Data for this task:
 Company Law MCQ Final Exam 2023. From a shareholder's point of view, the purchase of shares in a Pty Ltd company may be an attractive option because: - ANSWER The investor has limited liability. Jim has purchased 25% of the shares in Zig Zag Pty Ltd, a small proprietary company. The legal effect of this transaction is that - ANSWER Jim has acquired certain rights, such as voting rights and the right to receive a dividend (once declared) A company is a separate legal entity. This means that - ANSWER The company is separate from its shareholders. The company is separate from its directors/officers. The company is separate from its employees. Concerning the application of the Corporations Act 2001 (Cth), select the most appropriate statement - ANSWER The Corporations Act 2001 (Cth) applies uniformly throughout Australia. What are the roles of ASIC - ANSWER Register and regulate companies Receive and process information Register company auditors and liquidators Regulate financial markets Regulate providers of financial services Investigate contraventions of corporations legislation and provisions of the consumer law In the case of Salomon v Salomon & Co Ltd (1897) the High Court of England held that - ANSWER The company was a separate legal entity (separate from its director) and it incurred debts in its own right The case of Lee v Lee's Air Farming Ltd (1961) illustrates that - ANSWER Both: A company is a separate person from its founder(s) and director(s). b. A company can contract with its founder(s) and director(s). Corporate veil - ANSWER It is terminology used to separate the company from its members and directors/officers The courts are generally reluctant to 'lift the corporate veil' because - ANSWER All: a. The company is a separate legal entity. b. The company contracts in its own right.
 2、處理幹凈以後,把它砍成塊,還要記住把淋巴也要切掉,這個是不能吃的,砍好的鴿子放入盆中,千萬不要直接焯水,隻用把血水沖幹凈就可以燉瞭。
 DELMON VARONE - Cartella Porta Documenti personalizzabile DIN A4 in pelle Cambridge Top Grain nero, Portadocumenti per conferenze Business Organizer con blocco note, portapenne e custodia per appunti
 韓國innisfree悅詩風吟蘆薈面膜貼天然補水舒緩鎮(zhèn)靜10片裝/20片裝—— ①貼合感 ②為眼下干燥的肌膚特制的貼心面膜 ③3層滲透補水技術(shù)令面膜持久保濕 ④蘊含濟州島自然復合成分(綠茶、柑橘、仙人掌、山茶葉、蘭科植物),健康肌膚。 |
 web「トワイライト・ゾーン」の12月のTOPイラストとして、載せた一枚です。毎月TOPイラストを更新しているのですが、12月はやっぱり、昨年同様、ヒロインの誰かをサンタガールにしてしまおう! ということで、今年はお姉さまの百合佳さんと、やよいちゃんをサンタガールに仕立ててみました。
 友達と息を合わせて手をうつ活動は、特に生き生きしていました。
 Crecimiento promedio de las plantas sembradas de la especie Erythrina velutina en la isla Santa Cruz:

...

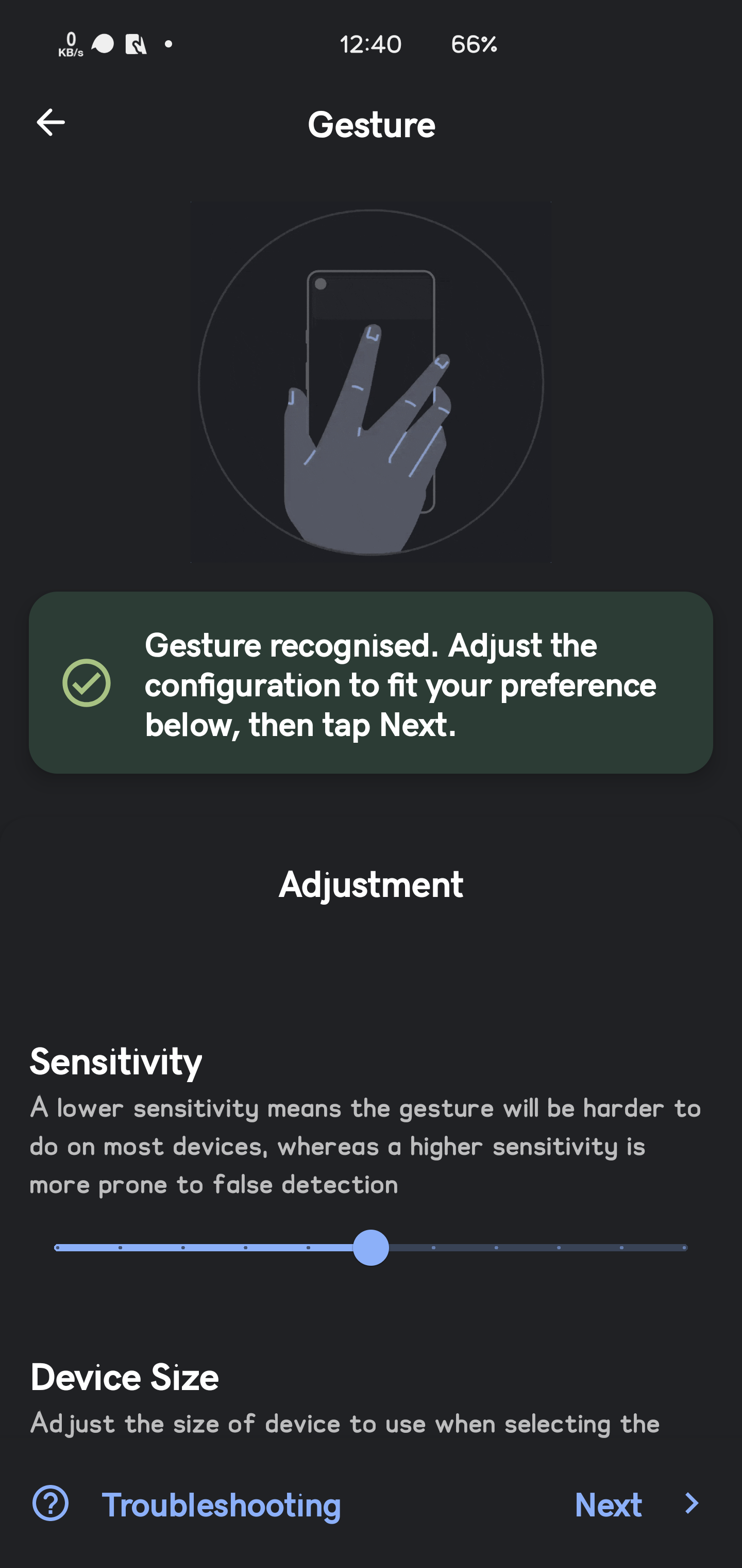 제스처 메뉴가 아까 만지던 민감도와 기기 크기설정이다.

==

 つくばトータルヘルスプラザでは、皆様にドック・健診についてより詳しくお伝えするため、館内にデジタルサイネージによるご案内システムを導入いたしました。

Goal of the exercise:
Everything from the line with "web「トワイライト・ゾーン" through the line with "Crecimiento promedio de" in the listing above must be retyped exactly, with nothing added.

Response to the task:
 web「トワイライト・ゾーン」の12月のTOPイラストとして、載せた一枚です。毎月TOPイラストを更新しているのですが、12月はやっぱり、昨年同様、ヒロインの誰かをサンタガールにしてしまおう! ということで、今年はお姉さまの百合佳さんと、やよいちゃんをサンタガールに仕立ててみました。
 友達と息を合わせて手をうつ活動は、特に生き生きしていました。
 Crecimiento promedio de las plantas sembradas de la especie Erythrina velutina en la isla Santa Cruz:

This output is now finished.